— Вы что же ко мне, по делу какому-нибудь или так?
— А что, разве не весело узреть друга детства? — Сергей отодвигается и смотрит на меня прищурившись. — Странно что-то ты, Шура, со мной разговариваешь...
— Я вам сказал, Сергей Николаевич, что мне очень некогда, — меня ждут в одном месте по делу.
— Да, да, вам некогда. Это все вполне естественно... Нет, я к вам именно так. Исключительно ради того, чтобы засвидетельствовать почтение особе, облеченной известными полномочиями. Честь имею кланяться!
Сергей быстро встает и идет к выходу. Я выжидаю, пока он скроется. Но, сделав несколько шагов, он останавливается, мгновение смотрит в пол.
— Ну ладно, амбицию к черту. Что за честь, когда нечего есть, — гласит арабская пословица. Я вас, Александр Михайлович, задержу еще только одну минуту. Видите ли, я и вообще не решился бы вас, человека, обремененного государственными заботами, беспокоить... Но вынужден к тому крайними обстоятельствами. Я намерен просить у вас какой-нибудь работы в вашем учреждении. Должен вам сказать, что мать моя уже год не встает с постели. Извините за оскорбление эстетических чувств, — зачервивела. Сестра, как я уже имел честь вам доложить, вполне беспомощна. Вследствие моей безработицы материальное положение семейства, мягко выражаясь, довольно шаткое. Продавать нам больше нечего. Разве что... Ну, да это вас в сущности не касается. Посмотрите на факт вот с какой стороны. Перед вами человек сравнительно здоровый, с образованием, не бестолковый и в некотором роде гражданин страны, хотя бы и опальный. Мне сдается, что и я некоторое право на кусок хлеба имею. А вы, как представитель правящего сословия, в некоторой доле несете обязанность сию потенциальную рабочую силу использовать. Вот я и предлагаю вам свои услуги, причем согласен на любую роль — от заведующего до курьера.
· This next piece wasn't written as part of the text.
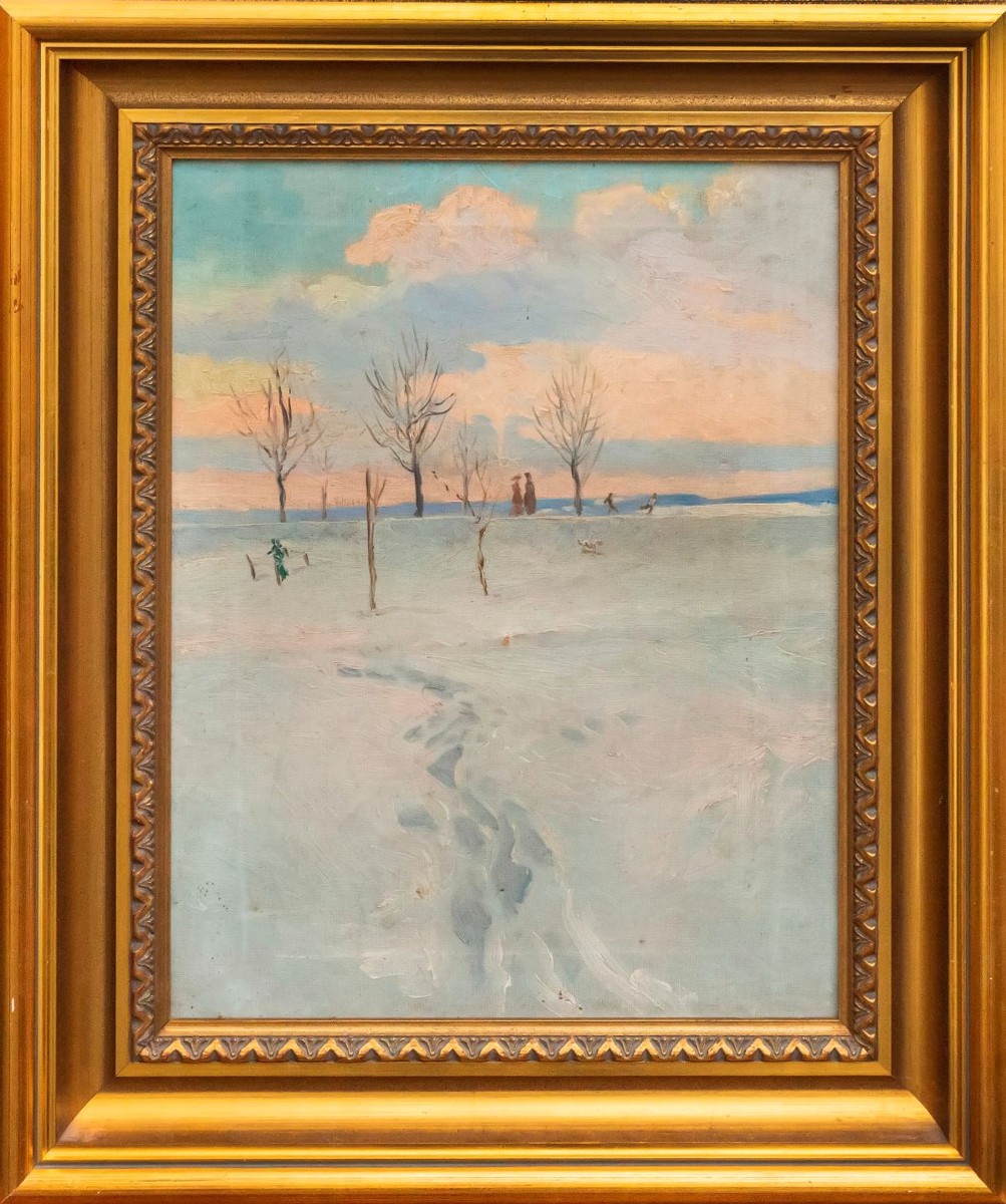 "Zimní krajina s figurální stafáží" olej na plátně, nesignováno, vzadu na blind rámu pozůstalostní razítko s datem 26.8.1942 a s podpisem Anny Tůmové. Uvedeno také, že obraz byl vystaven pod číslem 40 na posmrtné výstavě Karla Tůmy říjen-listopad 1942. Plátno uprostřed drobně perforováno. ___50 x 39 (69,5 x 57,5) cm ___O AUTOROVI: Tůma Karel (1859-1936) Malíř podobizen, krajin a válečných výjevů, studoval na akademii v Praze 1874-1879, dále na akademii ve Vídni, působil jako učitel kreslení ve Vídni. Již jeho první výstavu komentoval Jan Neruda slovy: "Mladý malíř jeví zdravý smysl pro genre". V roce 1938 byl zasoupen na výstavě "Náš voják ve výtvarném umění XIX. a XX. století" konané v Obecním domě v Praze.

Что я могу ответить ему, этому человеку с другой планеты? Я говорю твердо:
— В нашем кооперативе сейчас свободных мест нет.
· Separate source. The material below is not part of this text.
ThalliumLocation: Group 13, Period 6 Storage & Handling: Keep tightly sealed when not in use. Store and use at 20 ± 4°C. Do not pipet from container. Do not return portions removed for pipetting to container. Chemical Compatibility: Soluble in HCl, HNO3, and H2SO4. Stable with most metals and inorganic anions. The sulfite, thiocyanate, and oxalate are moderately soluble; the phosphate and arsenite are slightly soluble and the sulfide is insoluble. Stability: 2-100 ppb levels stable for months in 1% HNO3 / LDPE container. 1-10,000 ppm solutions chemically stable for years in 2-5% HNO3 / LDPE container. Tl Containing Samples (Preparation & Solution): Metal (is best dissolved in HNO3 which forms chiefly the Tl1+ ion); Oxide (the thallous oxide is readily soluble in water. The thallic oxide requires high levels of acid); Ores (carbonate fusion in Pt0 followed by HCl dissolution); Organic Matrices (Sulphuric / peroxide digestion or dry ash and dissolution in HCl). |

— Ах, вот что!.. мест нет... Должен еще заверить вас, Александр Михайлович, что моя служба была бы совершенно свободна от каких-либо правонарушений. Вы меня все-таки знаете с мальчишеских лет, далее — я, как-никак, ваш бывший товарищ по бывшей партии, каковую вы вряд ли сумели совершенно похоронить в памяти своей. Все это дает мне право надеяться, что в честности моей вы не сомневаетесь. Провороваться, как многие, не проворуюсь. А что касается политических моих воззрений, то это к делу как будто бы не относится. Во всяком случае, ваша мануфактура и селедки, сами понимаете, слишком узкий плацдарм для каких-либо агрессивных действий.
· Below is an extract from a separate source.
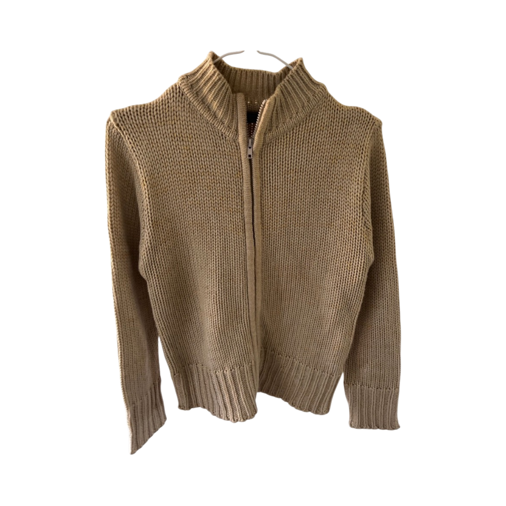 Chunky ribbed zip cardigan with subtle gold lurex threading. Vintage / y2k

«Ах, вот ты как... Ну, ладно же! Нипочем не сдамся!..»
— В отношении службы, Сергей Николаевич, я ничем вам полезен быть не могу. Ваша мать, насколько я знаю положение вещей, как жена заслуженного врача, имеет право на персональную пенсию. Или, во всяком случае, на социальное обеспечение и больничный уход. Если вы этого еще не добились или если на этом пути у вас будут препятствия, я готов сделать все, что нужно: написать записку, позвонить и вообще похлопотать. В любое время я на этот счет к вашим услугам. А больше я ничем не могу вам помочь.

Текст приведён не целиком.